Copy, please, the line with "3、切換步進(jìn)電機(jī)狀態(tài)至Ope" and each line that follows it through the end of the data below, exactly as given and without pictures.

GIVEN DATA Start Marker

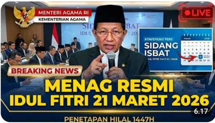 “Berdasarkan hasil sidang isbat dan laporan rukyatul hilal, disepakati bahwa 1 Syawal 1447 H jatuh pada Sabtu, 21 Maret 2026,” ujar Menteri Agama dalam konferensi pers.
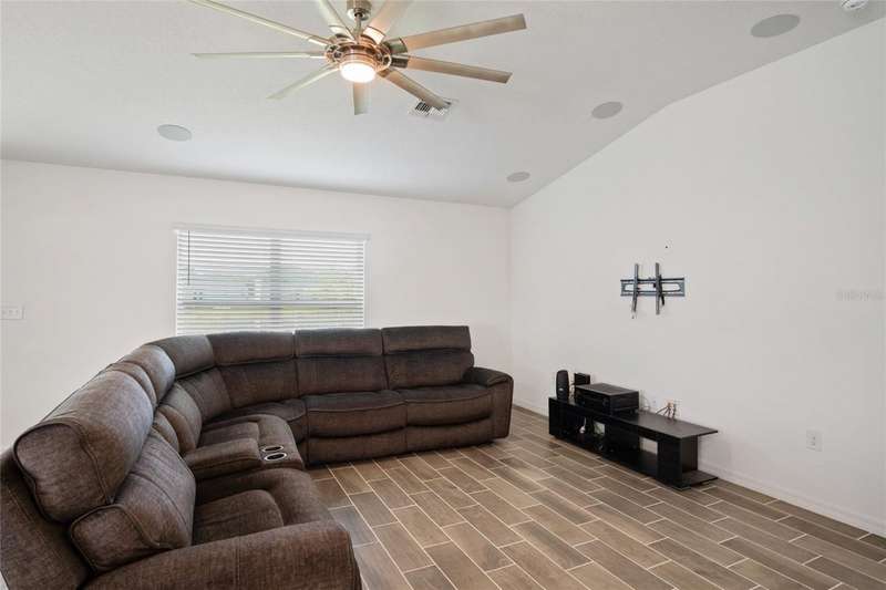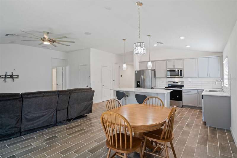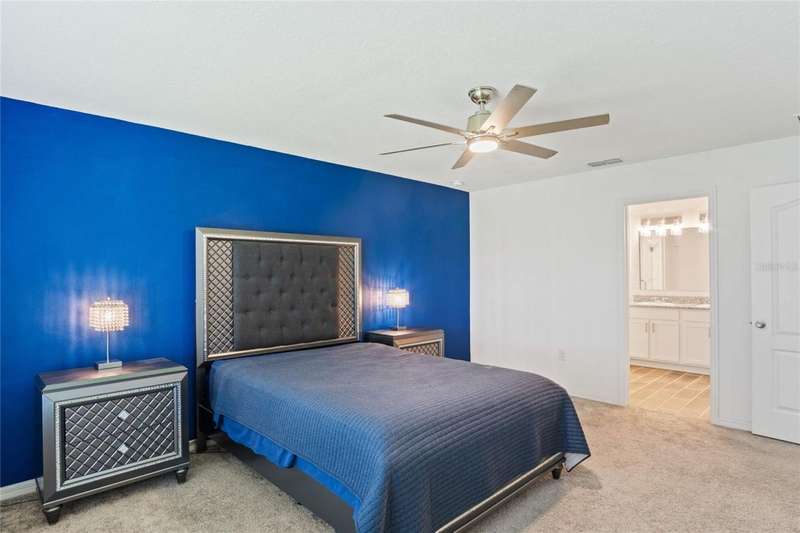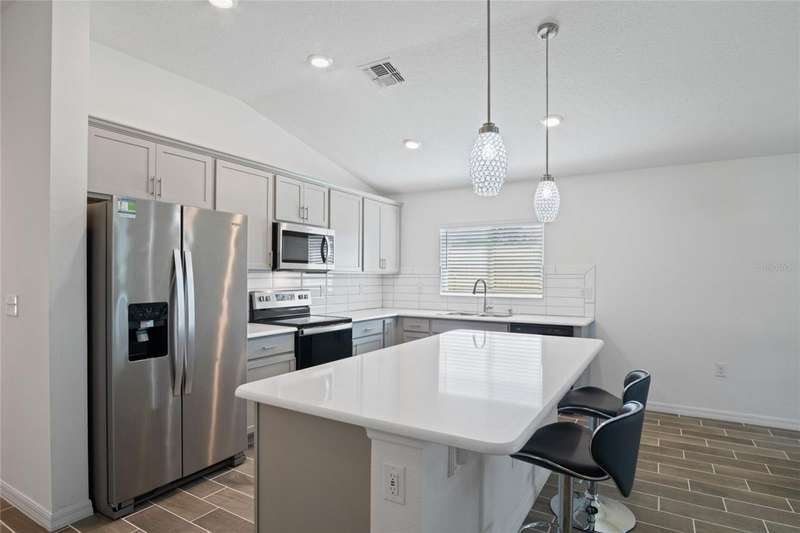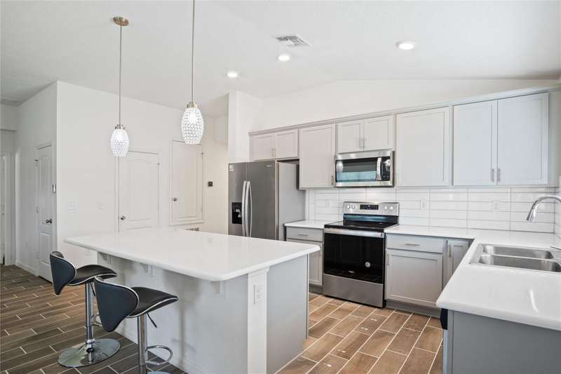 Seller is offering $5,000 in Concessions! Welcome to your dream home in the sought-after community of Tivoli Reserve in Davenport, Florida! Situated on a fenced corner lot with serene pond frontage, this beautifully maintained 4-bedroom, 2-bathroom home offers the ideal combination of comfort, space, and convenience. Step inside and you'll immediately appreciate the care and updates throughout - including new wood plank tile flooring in the main living areas and plush carpet in the bedrooms. The spacious open floor plan seamlessly connects the kitchen, dining, and family room, making it perfect for entertaining or everyday living. The kitchen is a standout with quartz countertops, stainless steel appliances, and a large island with pendant lighting, all enhanced by recessed lights and natural sunlight. Just off the dining area, relax on the covered and screened patio, ideal for enjoying your morning coffee or unwinding at sunset with peaceful water views. The backyard is generously sized with room to add your private pool, and the vinyl fence makes it perfect for pets and play. Retreat to the primary suite, where a glitter-accented feature wall adds a touch of magic. The ensuite bathroom features a double vanity, a spacious shower with built-in seating, and a walk-in closet. The three-way split bedroom plan offers privacy for all, and each bedroom includes a ceiling fan for added comfort. Additional features include a guest bathroom with ample counter space and a tub/shower combo, and a stylish laundry room with a new washer and dryer that makes everyday chores feel like less of a task. Tivoli Reserve residents enjoy access to a community pool and playground, and you'll love being just minutes from Central Florida's world-famous attractions, shopping, dining, golf, and more. Whether you're looking for a forever home or a vacation retreat, this property has it all - location, lifestyle, and livability.
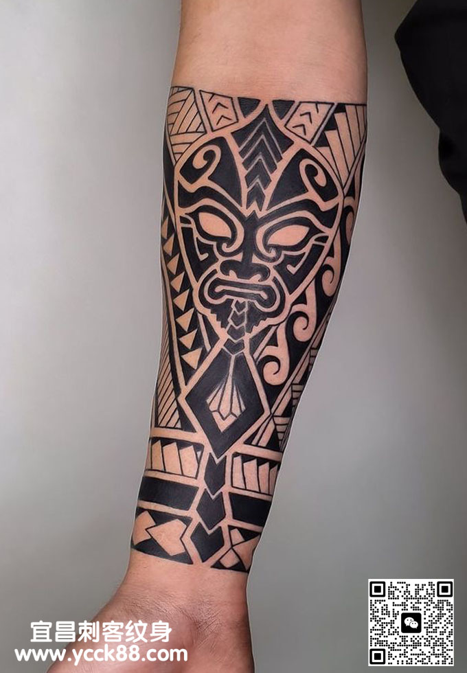 小臂图腾风格纹身 查看更多人体个性纹身图案请登入宜昌刺客纹身网 www.ycck88.com
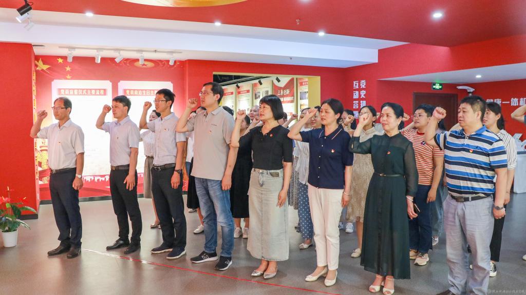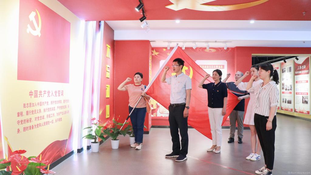 同时,党员们重温了入党誓词。在党旗下接受心灵的净化和洗礼,牢记共产党员的政治责任和历史使命,不断保持共产党员的先进性,以更加饱满的热情投身各自工作,切实发挥共产党员的先锋模范作用,永葆共产党员的政治本色。
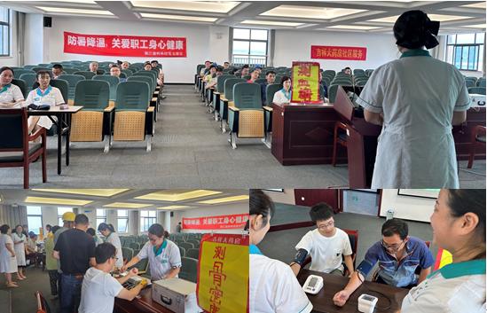 近日持續(xù)高溫,生產(chǎn)一線員工揮汗如雨,為了員工身心健康,2023年8月8日,建科科技黨支部開展“防暑降溫,關(guān)愛職工身心健康”為主題的黨日活動。此次活動邀請鎮(zhèn)江吉祥大藥房工作人員現(xiàn)場為職工講解防暑降溫的注意事項,并針對公司生產(chǎn)場所和特殊工種詳細講解防暑降溫的具體措施,以及應(yīng)急救援的方式方法;顒又校幏抗ぷ魅藛T免費為職工測量血壓、血糖、骨質(zhì)密度以及幽門螺旋桿菌等項目。
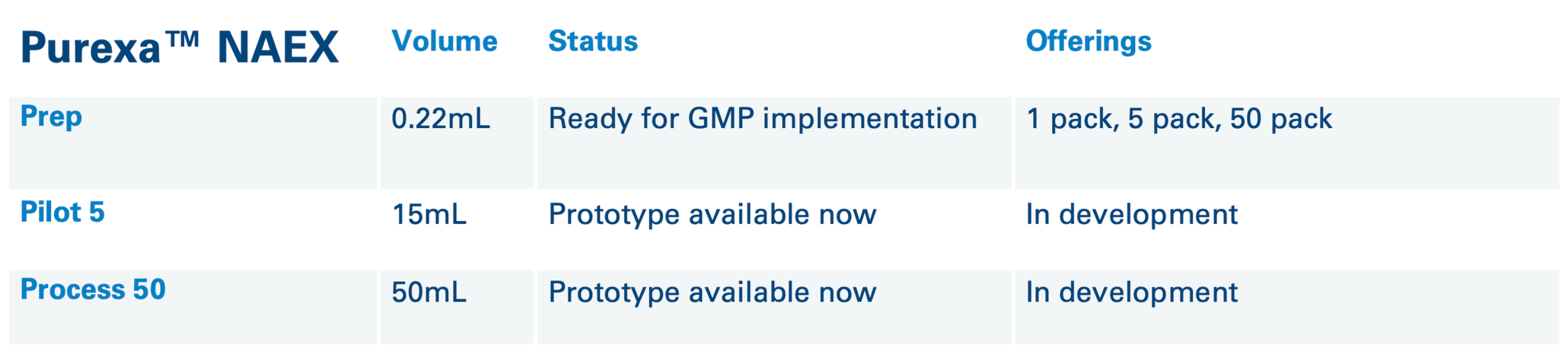 Purexa™ NAEX is a weak anion-exchange membrane product with a high binding capacity of supercoiled pDNA during the capture step that allows for effective recovery at fast processing speeds. This product can be used at small, medium, or large scale through our range of Purexa Form Factors.
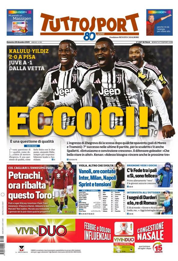 - 06:45 PRIMA PAGINA - TuttoSport: "Eccoci"
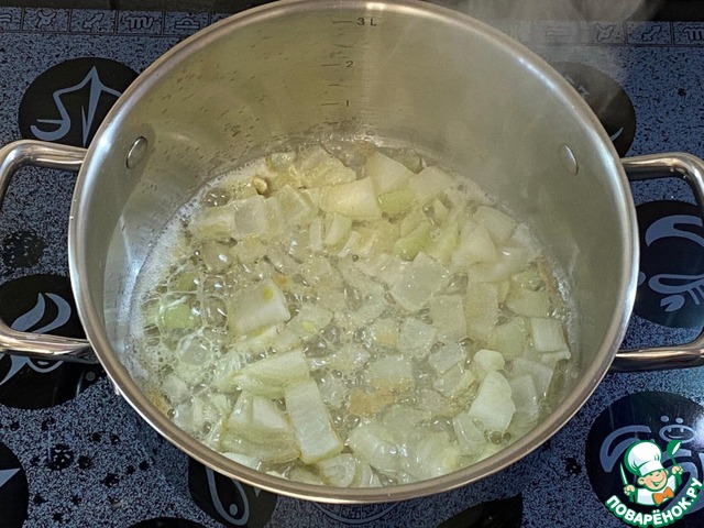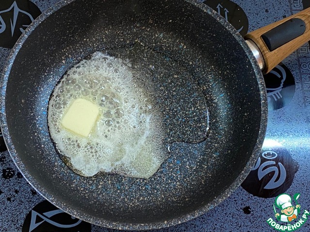 Пока варится суп, в сковороде ТМ Kukmara растопите 2 ст. л. растительного масла и оставшиеся 40 гр сливочного масла.
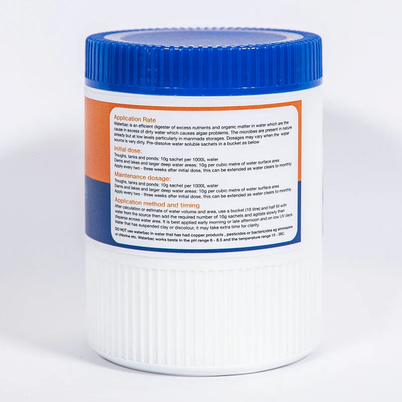 Waterbac is sensitive to pH and temperature. It works best between pH 6 – 8.5 and temperature 12 - 38°C. Outside these limits, Waterbac will take longer to work. The presence of pesticides/chlorine/copper sulphate will also significantly affect the product and may result in poor results.
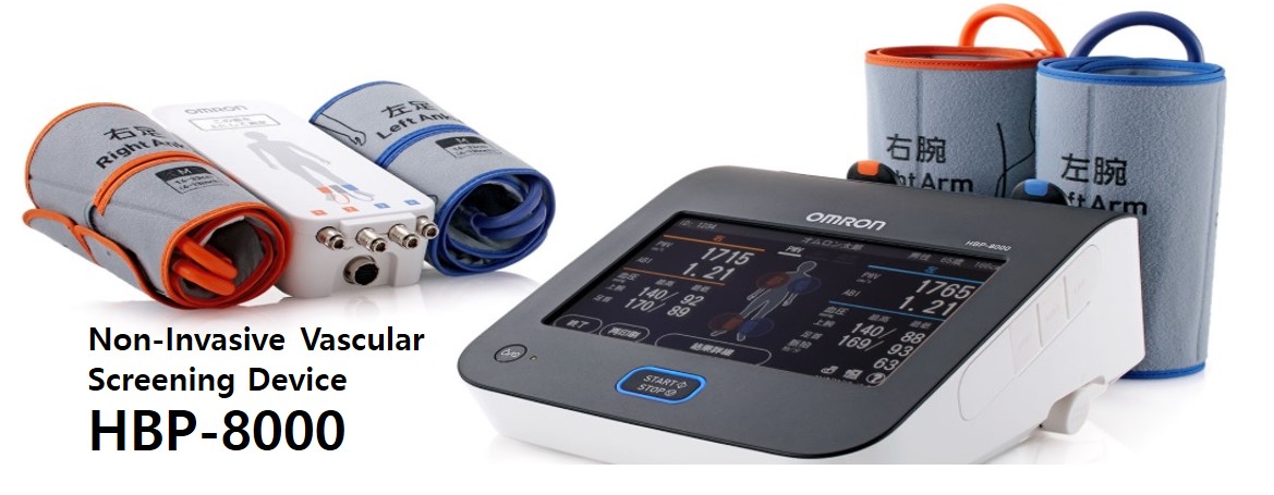[HBP-8000]동맥경화 검사 및 혈관나이/혈관경화도 평가 시스템, HBP8000 비침습적인 동맥경화도 검사 시스템 HBP-8000 (Non-invasive Vascular Screening Device) 동맥경화 진행시 나타나는 신체 질환 - 뇌경색 - 심근경색 - 신장질환 - 폐색성 동맥경화증 HBP-8000 시스템 특장점 양팔 좌,우 혈압 측정(BP) ▷ 양팔 좌,우 혈압계로 사용 가능 ▷ 좌,우 혈압의 차이는 심혈관 질환의 조기 증상 ※ 양팔 혈압의 차이로 심혈관 위험도 평가 가능 혈관 협착도 평가(ABI) ▷ 혈관 건강도 정밀 분석, 동맥 협착도 분석 혈관 나이 / 혈관 경화도 평가(PWV) ▷ 동맥경화 진행정도 확인 ▷ ABI, baPWV, 맥파정보를 바탕으로 분석 1) 연령에따라 baPWV..
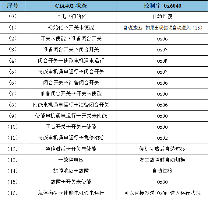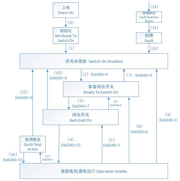 3、切換步進(jìn)電機(jī)狀態(tài)至Operation Enable狀態(tài):索引0x6040依次輸入06,07,15(非必要)。
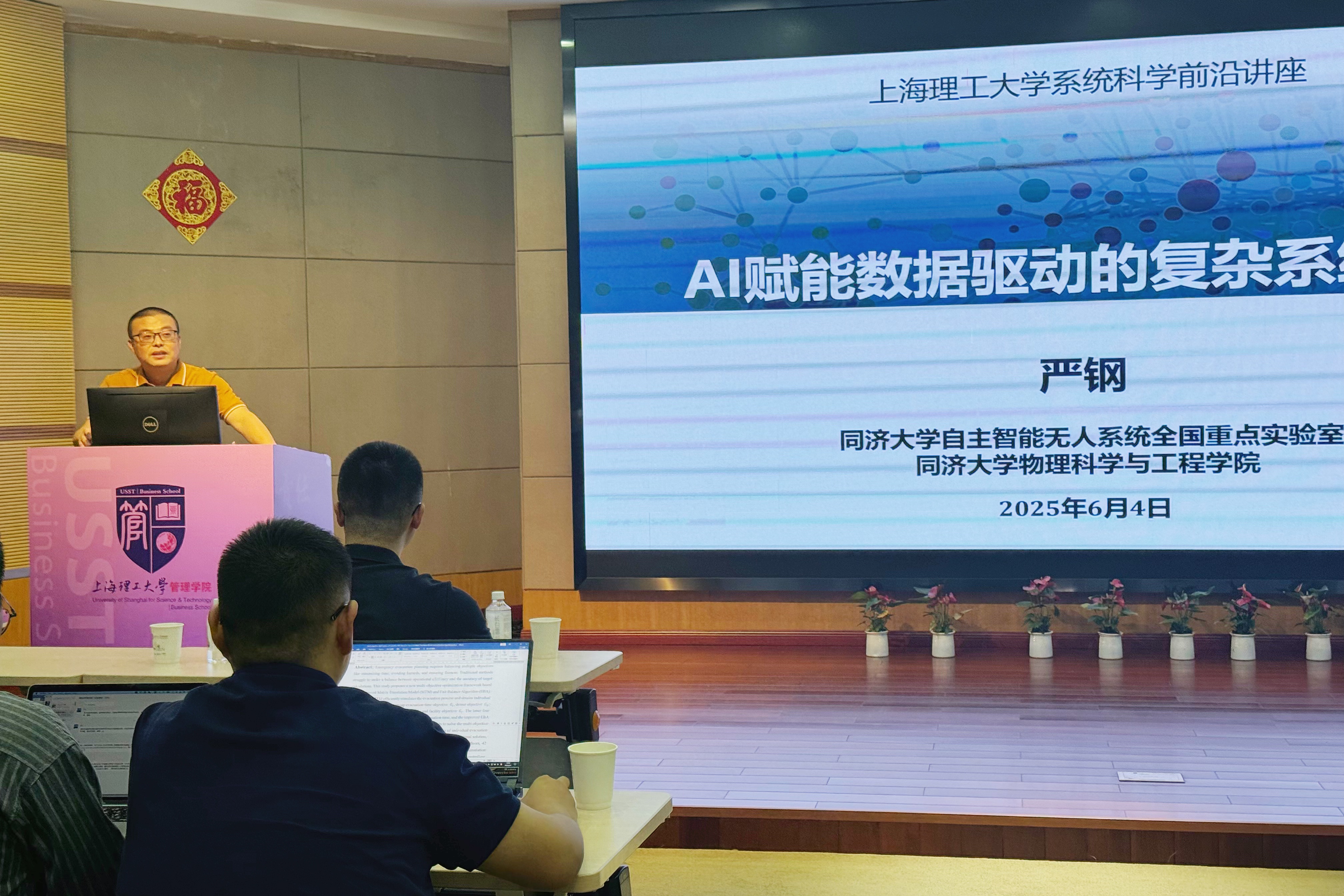 6月4日,管理学院系统科学系举办系统科学前沿专题讲座,特邀同济大学物理科学与工程学院、上海自主智能无人系统科学中心长聘教授、博士生导师严钢教授主讲“AI赋能数据驱动的复杂系统研究”。讲座由系统科学系主任顾长贵教授主持,吸引了管理学院约百名师生参与。
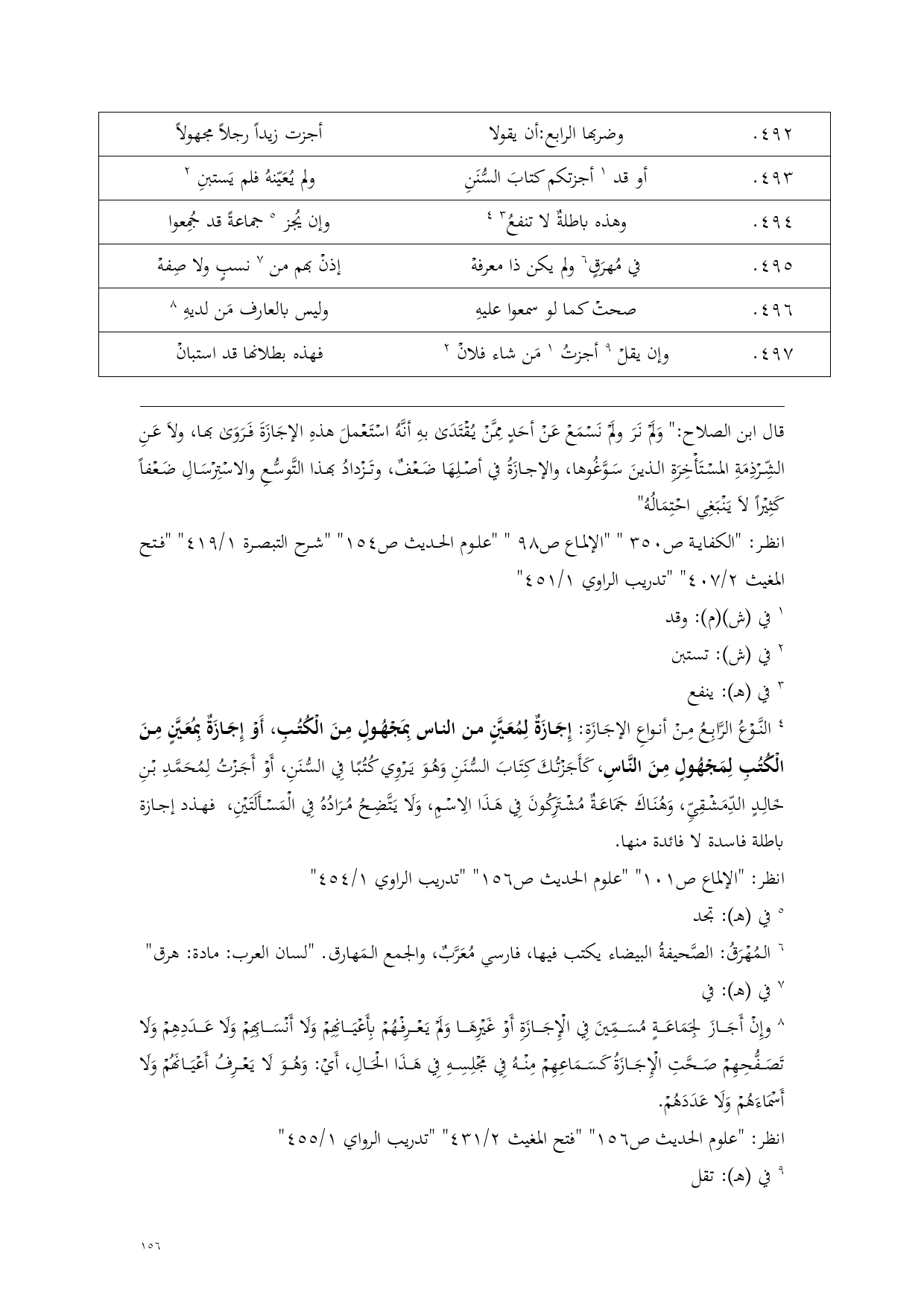 (¬4) النَّوْعُ الرَّابِعُ مِنْ أنواعِ الإجَازَةِ: إِجَازَةٌ لِمُعَيَّنٍ من الناس بِمَجْهُولٍ مِنَ الْكُتُبِ، أَوْ إِجَازَةٌ بِمُعَيَّنٍ مِنَ الْكُتُبِ لِمَجْهُولٍ مِنَ النَّاسِ، كَأَجَزْتُكَ كِتَابَ السُّنَنِ وَهُوَ يَرْوِي كُتُبًا فِي السُّنَنِ، أَوْ أَجَزْتُ لِمُحَمَّدِ بْنِ خَالِدٍ الدِّمَشْقِيِّ، وَهُنَاكَ جَمَاعَةٌ مُشْتَرِكُونَ فِي هَذَا الِاسْمِ، وَلَا يَتَّضِحُ مُرَادُهُ فِي الْمَسْأَلَتَيْنِ، فهذد إجازة باطلة فاسدة لا فائدة منها.
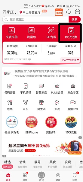 联通积分换话费可以在中国联通APP中,选择积分兑换进行操作即可。以手机华为p40为例,联通积分换话费的步骤分为4步,具体操作如下:在中国联通界面中,点击积分兑换。
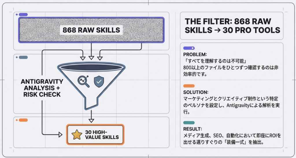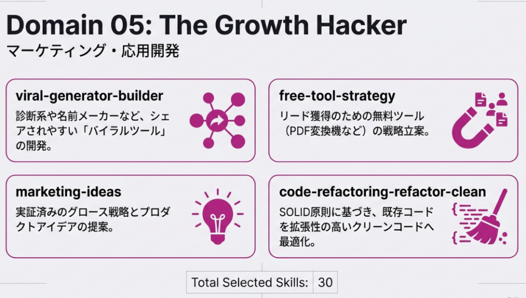 Antigravityの真価は、複数のスキルを組み合わせた「複利の生産性」にあります。単なる作業効率化ではなく、ビジネスモデルそのものを自動化する強力なスキル群を紹介しましょう。
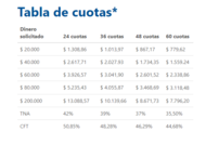 Puntualmente, los préstamos que ofrece el organismo que tiene como titular a Emilio Basavilbaso son a pagar entre los dos y los cinco años, con un monto mínimo de 5 mil pesos y un máximo de $200.000. En tanto, poseen el sistema de amortización francés. “Costo Financiero Total (CFT) efectivo anual: 24 cuotas, 50,85%; 36 cuotas, 48,28%; 48 cuotas, 46,29%; 60 cuotas, 44,68%.”

GIVEN DATA End Marker

=== WRITTEN RESPONSE ===
 3、切換步進(jìn)電機(jī)狀態(tài)至Operation Enable狀態(tài):索引0x6040依次輸入06,07,15(非必要)。
 6月4日,管理学院系统科学系举办系统科学前沿专题讲座,特邀同济大学物理科学与工程学院、上海自主智能无人系统科学中心长聘教授、博士生导师严钢教授主讲“AI赋能数据驱动的复杂系统研究”。讲座由系统科学系主任顾长贵教授主持,吸引了管理学院约百名师生参与。
 (¬4) النَّوْعُ الرَّابِعُ مِنْ أنواعِ الإجَازَةِ: إِجَازَةٌ لِمُعَيَّنٍ من الناس بِمَجْهُولٍ مِنَ الْكُتُبِ، أَوْ إِجَازَةٌ بِمُعَيَّنٍ مِنَ الْكُتُبِ لِمَجْهُولٍ مِنَ النَّاسِ، كَأَجَزْتُكَ كِتَابَ السُّنَنِ وَهُوَ يَرْوِي كُتُبًا فِي السُّنَنِ، أَوْ أَجَزْتُ لِمُحَمَّدِ بْنِ خَالِدٍ الدِّمَشْقِيِّ، وَهُنَاكَ جَمَاعَةٌ مُشْتَرِكُونَ فِي هَذَا الِاسْمِ، وَلَا يَتَّضِحُ مُرَادُهُ فِي الْمَسْأَلَتَيْنِ، فهذد إجازة باطلة فاسدة لا فائدة منها.
 联通积分换话费可以在中国联通APP中,选择积分兑换进行操作即可。以手机华为p40为例,联通积分换话费的步骤分为4步,具体操作如下:在中国联通界面中,点击积分兑换。
 Antigravityの真価は、複数のスキルを組み合わせた「複利の生産性」にあります。単なる作業効率化ではなく、ビジネスモデルそのものを自動化する強力なスキル群を紹介しましょう。
 Puntualmente, los préstamos que ofrece el organismo que tiene como titular a Emilio Basavilbaso son a pagar entre los dos y los cinco años, con un monto mínimo de 5 mil pesos y un máximo de $200.000. En tanto, poseen el sistema de amortización francés. “Costo Financiero Total (CFT) efectivo anual: 24 cuotas, 50,85%; 36 cuotas, 48,28%; 48 cuotas, 46,29%; 60 cuotas, 44,68%.”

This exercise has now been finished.